WHAT IS EXPECTED
Give back exactly the lines of the data below, starting with the line that has "(서울=포커스뉴스) 20일 오전" and going on through the line that has "采用复古像素美术风格的即时战".

----- MATERIAL SUPPLIED

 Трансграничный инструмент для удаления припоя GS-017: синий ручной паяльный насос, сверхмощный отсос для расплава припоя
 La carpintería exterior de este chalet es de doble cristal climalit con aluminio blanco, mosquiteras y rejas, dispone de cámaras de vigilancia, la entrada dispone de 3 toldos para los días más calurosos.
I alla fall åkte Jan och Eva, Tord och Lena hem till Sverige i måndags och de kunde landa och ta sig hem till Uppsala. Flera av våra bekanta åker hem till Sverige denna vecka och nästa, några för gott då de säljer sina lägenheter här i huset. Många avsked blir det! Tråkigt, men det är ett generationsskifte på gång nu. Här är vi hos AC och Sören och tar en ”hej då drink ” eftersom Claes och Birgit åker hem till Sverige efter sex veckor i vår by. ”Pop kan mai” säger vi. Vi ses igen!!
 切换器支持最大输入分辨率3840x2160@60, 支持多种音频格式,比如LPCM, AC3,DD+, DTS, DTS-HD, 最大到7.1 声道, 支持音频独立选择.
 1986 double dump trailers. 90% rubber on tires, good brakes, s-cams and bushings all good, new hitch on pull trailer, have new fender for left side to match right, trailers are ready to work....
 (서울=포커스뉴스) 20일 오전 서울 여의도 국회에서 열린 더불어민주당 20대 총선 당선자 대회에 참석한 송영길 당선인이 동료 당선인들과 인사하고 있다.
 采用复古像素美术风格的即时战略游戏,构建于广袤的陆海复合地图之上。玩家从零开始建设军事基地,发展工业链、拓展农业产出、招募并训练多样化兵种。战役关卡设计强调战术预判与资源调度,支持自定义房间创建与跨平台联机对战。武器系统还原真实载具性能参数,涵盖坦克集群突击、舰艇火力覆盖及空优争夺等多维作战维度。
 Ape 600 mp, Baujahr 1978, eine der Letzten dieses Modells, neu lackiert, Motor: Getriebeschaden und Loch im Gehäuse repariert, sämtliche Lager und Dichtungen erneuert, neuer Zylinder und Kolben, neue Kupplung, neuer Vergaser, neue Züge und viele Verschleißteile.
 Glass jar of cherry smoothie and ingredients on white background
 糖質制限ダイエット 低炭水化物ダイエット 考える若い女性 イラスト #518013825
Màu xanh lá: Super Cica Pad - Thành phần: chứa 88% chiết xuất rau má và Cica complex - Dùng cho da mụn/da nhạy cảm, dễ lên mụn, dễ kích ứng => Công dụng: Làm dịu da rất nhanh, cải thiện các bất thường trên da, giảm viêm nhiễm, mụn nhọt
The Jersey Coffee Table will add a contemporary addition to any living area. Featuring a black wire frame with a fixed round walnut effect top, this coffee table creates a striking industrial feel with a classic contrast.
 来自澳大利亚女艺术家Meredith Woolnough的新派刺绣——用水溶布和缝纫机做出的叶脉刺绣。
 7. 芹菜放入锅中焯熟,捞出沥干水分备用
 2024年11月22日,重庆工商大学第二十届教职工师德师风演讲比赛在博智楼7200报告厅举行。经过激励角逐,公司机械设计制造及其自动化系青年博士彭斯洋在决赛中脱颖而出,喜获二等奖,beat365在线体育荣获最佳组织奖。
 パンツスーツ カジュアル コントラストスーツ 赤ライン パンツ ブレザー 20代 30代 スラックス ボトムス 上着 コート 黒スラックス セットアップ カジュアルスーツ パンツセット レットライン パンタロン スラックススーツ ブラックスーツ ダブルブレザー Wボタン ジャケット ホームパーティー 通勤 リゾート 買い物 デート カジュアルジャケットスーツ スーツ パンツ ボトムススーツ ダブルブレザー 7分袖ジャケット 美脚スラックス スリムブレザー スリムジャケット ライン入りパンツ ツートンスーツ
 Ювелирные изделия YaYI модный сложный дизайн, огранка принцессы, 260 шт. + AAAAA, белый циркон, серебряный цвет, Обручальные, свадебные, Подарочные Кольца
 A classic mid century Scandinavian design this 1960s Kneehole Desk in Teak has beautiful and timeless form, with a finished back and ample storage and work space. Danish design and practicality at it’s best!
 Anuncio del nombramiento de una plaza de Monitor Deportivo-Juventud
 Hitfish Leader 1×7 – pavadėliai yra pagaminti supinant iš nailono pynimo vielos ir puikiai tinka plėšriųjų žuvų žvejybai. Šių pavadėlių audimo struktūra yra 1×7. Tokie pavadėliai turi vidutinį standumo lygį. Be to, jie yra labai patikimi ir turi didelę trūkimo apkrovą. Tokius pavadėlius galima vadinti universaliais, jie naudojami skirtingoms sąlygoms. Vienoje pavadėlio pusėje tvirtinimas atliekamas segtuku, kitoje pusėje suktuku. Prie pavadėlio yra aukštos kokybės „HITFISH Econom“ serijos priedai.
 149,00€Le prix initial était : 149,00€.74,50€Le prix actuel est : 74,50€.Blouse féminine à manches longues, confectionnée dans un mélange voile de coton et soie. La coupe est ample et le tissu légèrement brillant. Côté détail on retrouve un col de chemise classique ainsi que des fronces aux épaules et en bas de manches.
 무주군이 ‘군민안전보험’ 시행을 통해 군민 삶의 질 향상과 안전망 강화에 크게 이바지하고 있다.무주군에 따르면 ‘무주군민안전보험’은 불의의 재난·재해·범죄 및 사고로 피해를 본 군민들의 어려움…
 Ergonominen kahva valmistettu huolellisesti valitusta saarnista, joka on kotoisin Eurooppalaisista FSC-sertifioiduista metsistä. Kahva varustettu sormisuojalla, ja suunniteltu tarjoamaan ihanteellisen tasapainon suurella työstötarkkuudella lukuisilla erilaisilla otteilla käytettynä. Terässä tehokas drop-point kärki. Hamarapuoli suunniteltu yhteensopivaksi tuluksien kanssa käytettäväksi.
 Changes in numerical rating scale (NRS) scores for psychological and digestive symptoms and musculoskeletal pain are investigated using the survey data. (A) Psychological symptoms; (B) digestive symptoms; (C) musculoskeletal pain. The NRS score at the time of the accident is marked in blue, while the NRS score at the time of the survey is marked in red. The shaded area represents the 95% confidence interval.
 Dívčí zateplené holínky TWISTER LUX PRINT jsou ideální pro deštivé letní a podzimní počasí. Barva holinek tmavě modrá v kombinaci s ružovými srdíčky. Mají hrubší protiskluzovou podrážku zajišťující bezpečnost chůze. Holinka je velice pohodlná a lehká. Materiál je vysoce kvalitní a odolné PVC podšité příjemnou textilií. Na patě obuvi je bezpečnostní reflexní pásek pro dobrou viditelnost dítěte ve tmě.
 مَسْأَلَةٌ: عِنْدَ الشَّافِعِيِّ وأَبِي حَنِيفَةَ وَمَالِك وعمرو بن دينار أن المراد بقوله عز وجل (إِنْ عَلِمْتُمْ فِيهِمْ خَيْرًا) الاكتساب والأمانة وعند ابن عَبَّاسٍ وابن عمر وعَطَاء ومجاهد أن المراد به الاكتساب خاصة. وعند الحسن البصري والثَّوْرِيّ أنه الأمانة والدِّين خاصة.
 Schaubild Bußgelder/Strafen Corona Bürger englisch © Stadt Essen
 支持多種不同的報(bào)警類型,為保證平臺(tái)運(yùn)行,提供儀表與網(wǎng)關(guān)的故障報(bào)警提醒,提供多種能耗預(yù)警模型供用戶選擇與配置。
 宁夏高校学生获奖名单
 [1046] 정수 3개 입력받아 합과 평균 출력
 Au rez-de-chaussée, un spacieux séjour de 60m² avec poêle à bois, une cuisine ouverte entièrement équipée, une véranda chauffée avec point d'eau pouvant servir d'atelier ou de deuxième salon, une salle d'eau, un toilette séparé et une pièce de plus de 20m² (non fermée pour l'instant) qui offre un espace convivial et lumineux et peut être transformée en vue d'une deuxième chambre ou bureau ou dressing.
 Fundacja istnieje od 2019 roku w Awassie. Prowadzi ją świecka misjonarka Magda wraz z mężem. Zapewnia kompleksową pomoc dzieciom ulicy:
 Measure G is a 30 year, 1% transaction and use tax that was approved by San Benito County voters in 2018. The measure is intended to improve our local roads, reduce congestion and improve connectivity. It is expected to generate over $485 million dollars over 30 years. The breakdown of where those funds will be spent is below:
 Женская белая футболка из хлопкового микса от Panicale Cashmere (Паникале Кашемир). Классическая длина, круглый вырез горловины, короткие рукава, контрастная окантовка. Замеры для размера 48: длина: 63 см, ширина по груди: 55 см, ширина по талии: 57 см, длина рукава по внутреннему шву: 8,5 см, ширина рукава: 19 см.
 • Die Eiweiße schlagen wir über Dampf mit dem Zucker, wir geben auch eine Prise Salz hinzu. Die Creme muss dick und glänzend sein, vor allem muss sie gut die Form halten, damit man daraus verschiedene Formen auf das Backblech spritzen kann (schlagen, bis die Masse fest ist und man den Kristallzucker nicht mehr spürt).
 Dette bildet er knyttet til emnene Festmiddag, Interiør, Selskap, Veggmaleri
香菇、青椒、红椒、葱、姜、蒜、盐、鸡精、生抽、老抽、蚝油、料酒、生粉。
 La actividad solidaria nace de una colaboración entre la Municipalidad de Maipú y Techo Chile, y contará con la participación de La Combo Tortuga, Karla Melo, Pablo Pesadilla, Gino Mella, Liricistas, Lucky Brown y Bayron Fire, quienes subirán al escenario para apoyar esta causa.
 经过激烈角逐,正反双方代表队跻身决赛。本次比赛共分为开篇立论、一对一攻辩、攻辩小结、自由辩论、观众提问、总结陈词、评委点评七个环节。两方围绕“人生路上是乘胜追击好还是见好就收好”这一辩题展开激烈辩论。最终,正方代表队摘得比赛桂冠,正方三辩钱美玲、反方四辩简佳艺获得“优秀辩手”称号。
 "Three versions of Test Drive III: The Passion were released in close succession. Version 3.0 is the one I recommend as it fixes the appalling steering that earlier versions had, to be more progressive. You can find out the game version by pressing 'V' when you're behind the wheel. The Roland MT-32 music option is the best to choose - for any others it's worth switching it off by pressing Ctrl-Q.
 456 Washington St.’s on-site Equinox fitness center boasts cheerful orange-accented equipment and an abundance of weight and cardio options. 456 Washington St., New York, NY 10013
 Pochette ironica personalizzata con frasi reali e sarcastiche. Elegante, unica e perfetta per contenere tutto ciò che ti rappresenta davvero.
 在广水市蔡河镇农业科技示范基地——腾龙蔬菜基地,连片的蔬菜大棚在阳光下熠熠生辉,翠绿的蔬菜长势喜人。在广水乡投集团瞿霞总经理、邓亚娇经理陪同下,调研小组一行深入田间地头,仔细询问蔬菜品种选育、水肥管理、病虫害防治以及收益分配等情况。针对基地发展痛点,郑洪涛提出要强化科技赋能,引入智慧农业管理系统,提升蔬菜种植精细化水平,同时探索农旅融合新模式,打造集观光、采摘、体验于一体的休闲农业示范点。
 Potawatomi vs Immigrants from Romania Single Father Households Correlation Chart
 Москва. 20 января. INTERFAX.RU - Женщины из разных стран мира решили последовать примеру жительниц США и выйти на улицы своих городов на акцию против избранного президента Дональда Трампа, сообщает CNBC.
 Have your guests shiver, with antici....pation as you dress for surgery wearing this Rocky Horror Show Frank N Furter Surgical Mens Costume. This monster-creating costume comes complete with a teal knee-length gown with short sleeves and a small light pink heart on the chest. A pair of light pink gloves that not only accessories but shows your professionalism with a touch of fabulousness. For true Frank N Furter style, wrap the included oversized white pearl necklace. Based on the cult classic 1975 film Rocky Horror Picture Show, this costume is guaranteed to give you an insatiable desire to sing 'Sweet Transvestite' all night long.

----------

RESULT FOR THIS TASK
 (서울=포커스뉴스) 20일 오전 서울 여의도 국회에서 열린 더불어민주당 20대 총선 당선자 대회에 참석한 송영길 당선인이 동료 당선인들과 인사하고 있다.
 采用复古像素美术风格的即时战略游戏,构建于广袤的陆海复合地图之上。玩家从零开始建设军事基地,发展工业链、拓展农业产出、招募并训练多样化兵种。战役关卡设计强调战术预判与资源调度,支持自定义房间创建与跨平台联机对战。武器系统还原真实载具性能参数,涵盖坦克集群突击、舰艇火力覆盖及空优争夺等多维作战维度。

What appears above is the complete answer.